1. Fix and upgrade things around her house. No joke, she still complains to him that she needs new carpet in their old bedroom. Or did until we cut off phone/in person communication and she knows that I participate in all email responses to her.
2. Pay SDs registration (after he bought the car) AND register it at the DMV because BM didn't want to drive there.
3. Let SD borrow our work truck. BM has gotten drunk and screamed at DH for not letting her use it. Ummmm...he needs it for work you dumb hooker.
4. Do ALL driving to pick up and drop off the kids and deliver and pick up the truck when SD borrows it (one hour each way).
5. Let BM drive our work truck without asking whenever SD has it and she wants to trade cars with BM.
6. Pay her 60% of his income (ie. $2500 a month in SS and CS). When we had it lowered to the CA guideline amount, she ranted and raved about how unfair that was "to the children". Ummm....no, you choosing to work for $12 an hour, 30 hours a week is unfair to the children.
7. Pay ALL medical co-pays, including braces, even after the CS payments.
8. Stay on a loan on their old house that she frequently pays the mortgage late on and takes all tax benefits for. We told her we were getting this issue resolved in court next month and she cried about how she can't afford the mortgage and needs the house "for the children". Get a second job you lazy slut.
9. Change the oil and tires on her personal vehicle - lol. This one cracked me up. I told her where to find a Jiffy Lube.

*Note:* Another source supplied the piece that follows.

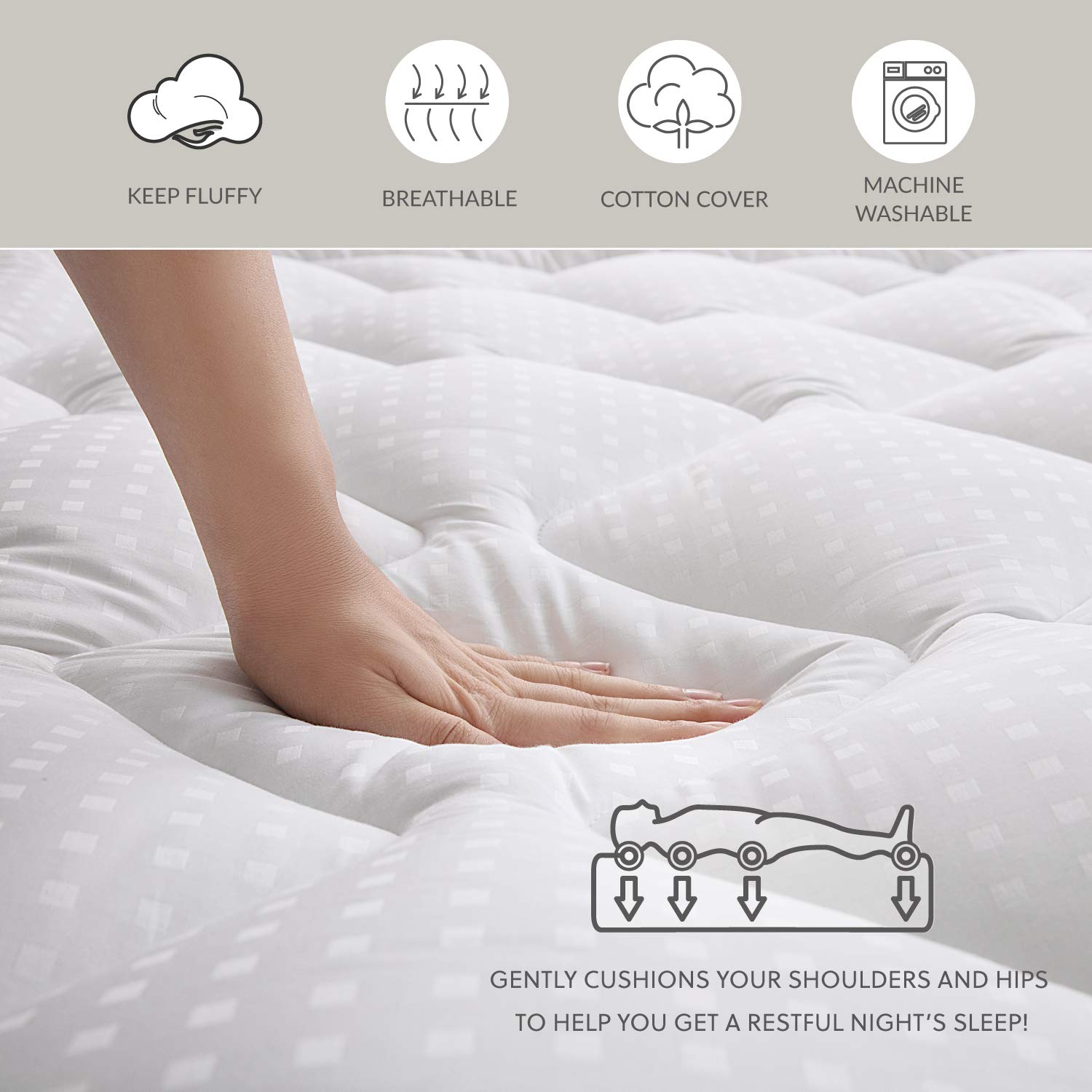 Amazon Com Whatsbedding Pillow Top Mattress Pad King Size Mattress Topper King Size 100 Cotton Top Down Alternative Filling Pillowtop Mattress Topper Cover Fitted Quilted 8 21 Inch Deep Pocket Home Kitchen

lol - in one of her last emails she told DH that she wants me to "step back so he can step up as a father" AKA do everything she says "for the chillllldreeeen"

WeddedBliss.sofar's picture

Called DH and asked him to come fix a flat tire for her - she was stranded outside of a bar. The skids were with us. He did not go.

Asked DH to drive her to school after she got a DUI, but had no problem getting rides to the bar. DH took her to school once (after he asked me if I minded), then told her to figure it out from then on - she threw a fit, threatened to quit school, told him he was hurting the skids in the long run. She did fine on her own - finished school, got a job in her field, and got fired after six months for missing so many days.

Asked DH to pay her electric bill (electric was out). DH had done this before me "for the kids", but due to the fact that BM had been out at a bar the night before, DH told her he would just come get skids and we would keep them until electric gets turned back on. She called a few hours later - electric is back.

DH and I used to have completely different views regarding what is "for the kids" and what isn't. I had to explain to him how he was not doing BM any favors or the skids (both girls) by bailing BM out every time. Allow BM to deal with problems herself - to be independent - and to see how that would make her a better role model for the skids in the process.

CalgonTakeMeAway's picture

Oh brother...she wants a husband without being married to him. After my DH and BM were first divorced, that's how it was with them. She wouldn't actually ask him to do anything herself because she won't talk to him at all (BLESSING). They had their house up for sale and she was still living in it with the skids. It was on 25 acres, and the housing market crashed, so it took quite awhile. He was paying the mortgage on that, propane heat, and he was renting a house to live in. They finally sold the house at a HUGE reduction. He got nothing.

Now, the things she wants "for the kids" usually have to do with parenting time. She wants DH to give up time, of course because it's "what SS wants".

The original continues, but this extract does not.